* [Recorded data]
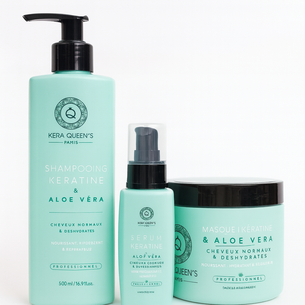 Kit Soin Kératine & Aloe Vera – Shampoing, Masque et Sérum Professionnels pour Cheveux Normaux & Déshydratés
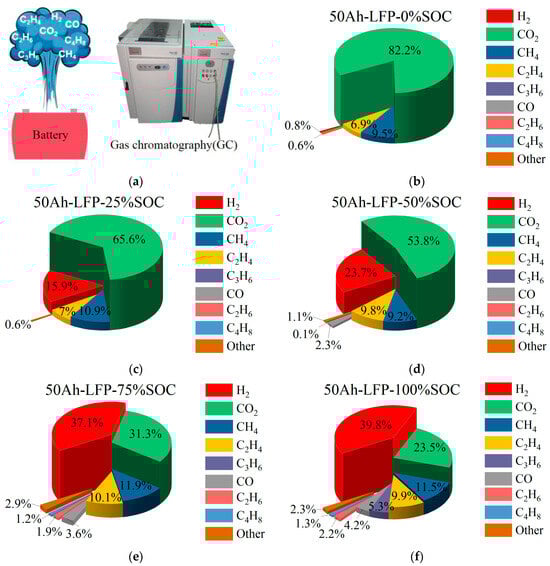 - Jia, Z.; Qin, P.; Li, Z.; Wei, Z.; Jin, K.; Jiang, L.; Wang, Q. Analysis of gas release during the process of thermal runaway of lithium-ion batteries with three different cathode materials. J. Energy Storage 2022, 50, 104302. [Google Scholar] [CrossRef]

* * *

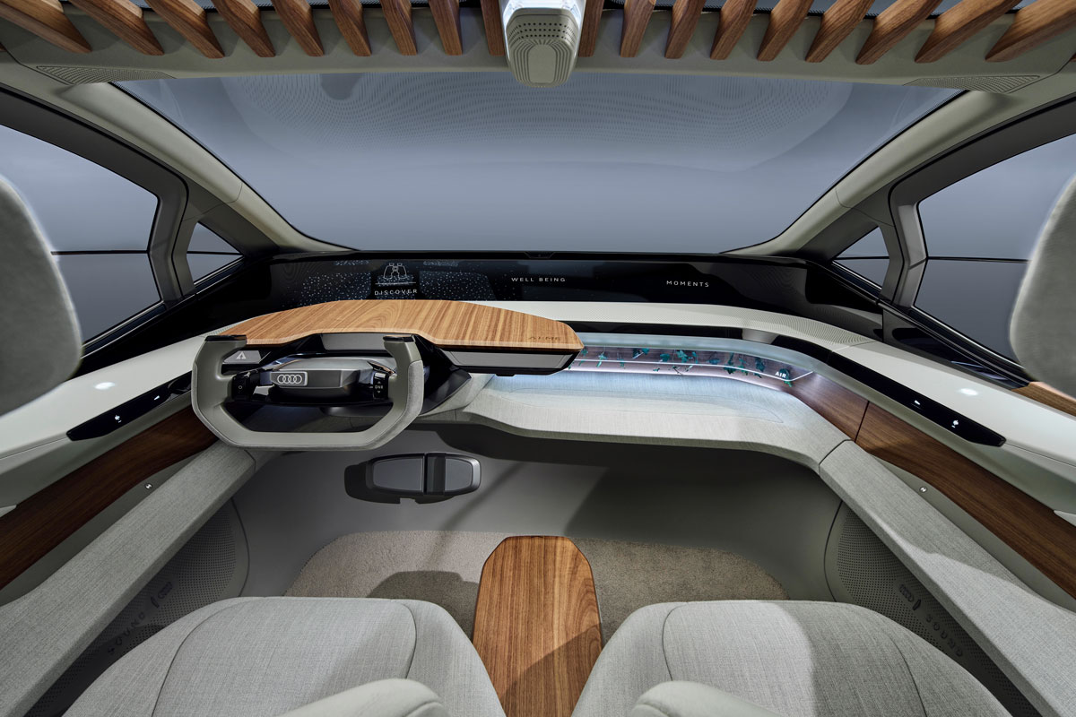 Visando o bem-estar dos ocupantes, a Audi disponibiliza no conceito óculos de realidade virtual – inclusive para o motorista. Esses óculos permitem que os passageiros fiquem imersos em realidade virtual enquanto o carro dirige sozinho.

* [Task objective]
Working from the entries above, please transcribe only the lines from the line with "Kit Soin Kératine" through the line with "- Jia, Z.; Qin, P.;", exactly, with both end lines and without pictures.

* [Response to the exercise]
 Kit Soin Kératine & Aloe Vera – Shampoing, Masque et Sérum Professionnels pour Cheveux Normaux & Déshydratés
 - Jia, Z.; Qin, P.; Li, Z.; Wei, Z.; Jin, K.; Jiang, L.; Wang, Q. Analysis of gas release during the process of thermal runaway of lithium-ion batteries with three different cathode materials. J. Energy Storage 2022, 50, 104302. [Google Scholar] [CrossRef]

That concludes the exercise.